NSW Premier Dominic Perrottet with his daughter. Photo: AAP

But NSW RSL president Ray James OAM, who is also a Vietnam War veteran, is concerned about the future.

“This year’s commemorations are safe in the hands of our incredible members, but we need to take action now to keep these events going,” he said.

“And that’s where younger veterans can help.”

Australian soldiers and Turkish war veterans during the international service on the Gallipoli Peninsula. Photo: AAP

Only in Western Australia will the day’s events be scaled back due to pandemic considerations.

“Managing proof of vaccination and social distancing in low light before dawn would be extremely difficult and contact tracing would be impossible,” RSL WA chief executive John McCourt said.

It comes after a lone man, who was not a veteran, marched through Perth CBD on Anzac Day last year when the city was in lockdown.

Dr Webster told TND that this year’s commemorations have a particularly personal significance for him.
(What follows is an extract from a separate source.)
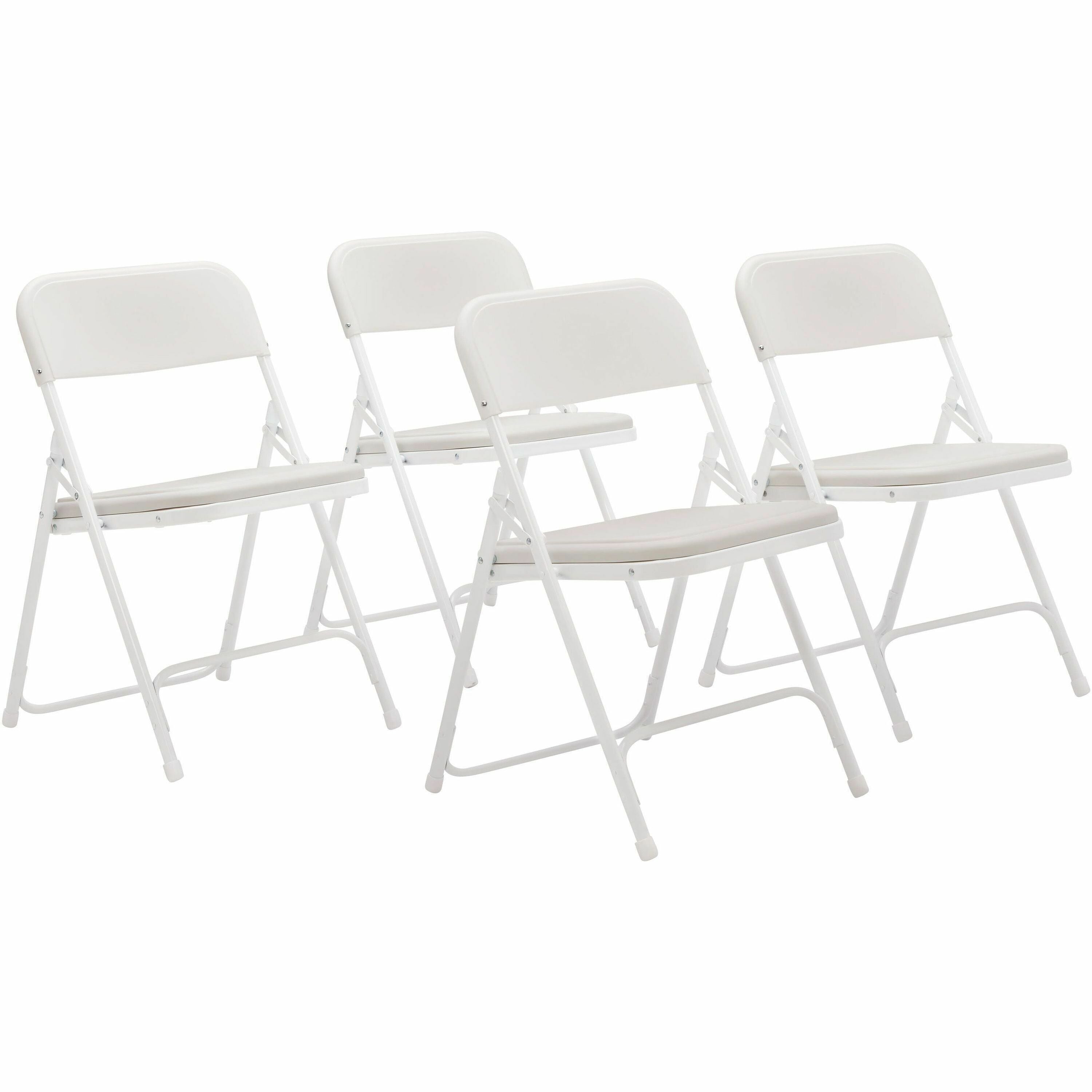 National Public Seating 800 Series Folding Chair - Plastic Seat Material - Plastic Back Material - Steel Frame Material - Four-legged Base - Bright White - Polypropylene - 4 / Carton

“My brother, who was a Vietnam veteran, died in May 2020,” he said.

“I’ll catch up with some of his mates this weekend who I haven’t seen, because we weren’t able to have a funeral [beyond limited numbers].”

It’s a day of mixed and complex emotions for many veterans and their loved ones.

But Dr Webster said most are just looking forward to the reunions that are three years overdue.

“Now, whether it’s the march, or whether it’s a unit reunion, or whether it’s, you know, just in their local suburb, I think there is an expectation that it’s going to happen.”